Chromosome Analysis, Products of Conception/Tissue Biopsy, for Genetic Diagnosis Print

WSLH Department: Cytogenetics
WSLH Test Code: 831
Day(s) Performed: Monday-Friday 7:45 AM - 4:30 PM, Saturday 7:45 AM - 12:00 PM
Turn-around Time: Approximately 7-21 days, with an average of 15 days (longer for specimens with small volume or poor growth in culture). (Reports are issued Monday-Friday 7:45 AM - 4:30 PM)
Recommended Uses: Determination of fetal karyotype for: miscarriage, fetal demise, stillbirth. Skin biopsies may be used for individuals with suspected tissue mosaicism.
Contraindications:
Additional Tests Performed:
Patient Preparations:
Specimen Requirements: **For fetal specimens: placental villus is the preferred tissue; kidney, lung, and/or fascia are also acceptable. Sample size at least 0.3 cm cubed.

**For skin biopsies: 1-2mm punch biopsy.
Specimen Handling & Transport: Store and transport specimens at room temperature (may transport with coolant during hot weather, >85 degrees F). DO NOT FREEZE. The laboratory must receive specimens within 24 to 48 hours of collection.
Collection Kit/Container: Cytogenetics and Molecular Genetics Collection Kit
Collection Instructions: **For fetal specimens: Healthy tissue is pale pink to red in color, indicating an active blood supply. Placenta that includes chorionic villi is usually mottled pink/red. Samples that are solid dark red are usually blood clots and may not contain fetal tissue. Tissue that is pale tan to brown should be avoided if possible as this indicates necrosis. A 0.3-0.5cm cubed section of each tissue type should be collected using aseptic procedures. Place the specimen in a sterile tissue vial containing transport media. If multiple tissues are sent, please place the placenta in one vial and the other tissue(s) in a separate vial to minimize contamination of the tissues.

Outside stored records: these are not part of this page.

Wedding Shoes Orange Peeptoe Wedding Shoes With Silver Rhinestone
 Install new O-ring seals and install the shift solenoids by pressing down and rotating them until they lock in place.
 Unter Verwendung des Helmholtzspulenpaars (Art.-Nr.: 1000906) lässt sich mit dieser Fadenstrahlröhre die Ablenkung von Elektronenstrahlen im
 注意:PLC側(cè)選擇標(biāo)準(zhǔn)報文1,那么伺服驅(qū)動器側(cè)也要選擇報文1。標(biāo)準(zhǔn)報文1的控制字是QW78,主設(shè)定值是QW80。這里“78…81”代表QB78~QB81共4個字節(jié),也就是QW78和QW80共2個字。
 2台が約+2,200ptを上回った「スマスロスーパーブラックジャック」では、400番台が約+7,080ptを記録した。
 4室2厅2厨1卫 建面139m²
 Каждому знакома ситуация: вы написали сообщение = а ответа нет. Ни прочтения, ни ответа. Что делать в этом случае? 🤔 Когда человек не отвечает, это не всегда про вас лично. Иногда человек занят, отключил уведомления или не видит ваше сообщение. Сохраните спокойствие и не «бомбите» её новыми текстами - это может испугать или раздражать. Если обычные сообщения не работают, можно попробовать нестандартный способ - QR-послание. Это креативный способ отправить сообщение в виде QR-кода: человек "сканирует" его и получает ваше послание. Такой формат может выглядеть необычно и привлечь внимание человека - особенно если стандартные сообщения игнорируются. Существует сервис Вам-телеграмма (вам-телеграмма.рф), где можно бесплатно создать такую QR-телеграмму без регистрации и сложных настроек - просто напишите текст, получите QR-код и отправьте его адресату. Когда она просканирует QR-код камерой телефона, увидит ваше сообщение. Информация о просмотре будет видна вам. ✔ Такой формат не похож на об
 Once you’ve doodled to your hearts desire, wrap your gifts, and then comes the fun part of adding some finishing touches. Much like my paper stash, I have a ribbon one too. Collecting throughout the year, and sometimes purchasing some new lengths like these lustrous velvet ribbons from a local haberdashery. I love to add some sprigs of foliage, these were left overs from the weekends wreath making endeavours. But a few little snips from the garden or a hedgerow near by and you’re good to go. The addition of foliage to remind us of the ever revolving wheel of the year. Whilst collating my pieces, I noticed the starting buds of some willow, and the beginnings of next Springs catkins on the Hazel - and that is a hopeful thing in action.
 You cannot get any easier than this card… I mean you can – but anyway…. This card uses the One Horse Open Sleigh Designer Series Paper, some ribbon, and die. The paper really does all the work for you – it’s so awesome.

**For skin biopsies: Skin should be cleaned using alcohol, do not use iodine or betadine as these will compromise the cell growth in culture. Do a 1-2mm punch biopsy that goes full depth through the epidermis into the sub-cutaneous fat. Place the specimen in a sterile tissue vial containing transport media.

Kits include: 1-6ml sterile vial with 5ml of F10 media, 1 Test requisition form (#131), and 1 Biohazard bag and absorbent pad. If requested a UPS return label can be supplied with the kit. Store kits at 4C or freeze for up to a year. If requested a UPS return label can be supplied with the kit.

Contact the laboratory(608-262-0402) to obtain Products of Conception/Tissue kits.
Unacceptable Conditions: Samples must not be frozen or processed with formalin.
Requisition Form: Cytogenetics Lab Genetic Diagnosis Form #131
Required Information: Laboratory regulations require the following minimum information to be provided on the requisition form for a specimen to be accepted for testing: Patient name or unique identifier; date and time of collection, patient date of birth and sex, specimen type/site of collection, test request(s), reason for referral, clinician name and UPIN/NPI, and address for reporting results. Please be certain that name/identifier on the form matches that on the specimen label.
Results Include: Result written using current International System for Human Cytogenetic Nomenclature (ISCN) and interpretation of results.
Limitations: In cases of pregnancy loss, depending on the length of time a fetus has been deceased, the specimen may fail to grow under any circumstances. Viable cells may be maternally derived.
Additional Tests Recommended: If a structural rearrangement is observed, parental blood chromosome analysis is recommended to determine whether the abnormality is inherited or is de novo and to possibly aid in defining the chromosome rearrangement. Fluorescence in situ hybridization analysis and/or microarray analysis may be recommended to characterize chromosome abnormalities; if performed there will be an additional charge.
Additional Comments: If no fetal material, only maternal decidua, is identified in the specimen, the sample will be processed. Chromosome analysis of maternal tissue may identify a structural rearrangement present in the mother's cells; a balanced maternal karyotype may lead to an unbalanced fetal karyotype.
Methodology: Microscopic analysis of G-banded chromosomes.
Includes: G-banded chromosome analysis of cultured cells from products of conception or tissue biopsy. Includes culture of cells from specimen(s), examination of at least 20 metaphase cells, and preparation of two karyograms. Additional cells may be examined if indicated by initial results. Additional karyograms may be prepared if multiple cell lines are observed.
CPT Code: 88233, 88262
Price: For pricing information, please call 608-262-0402.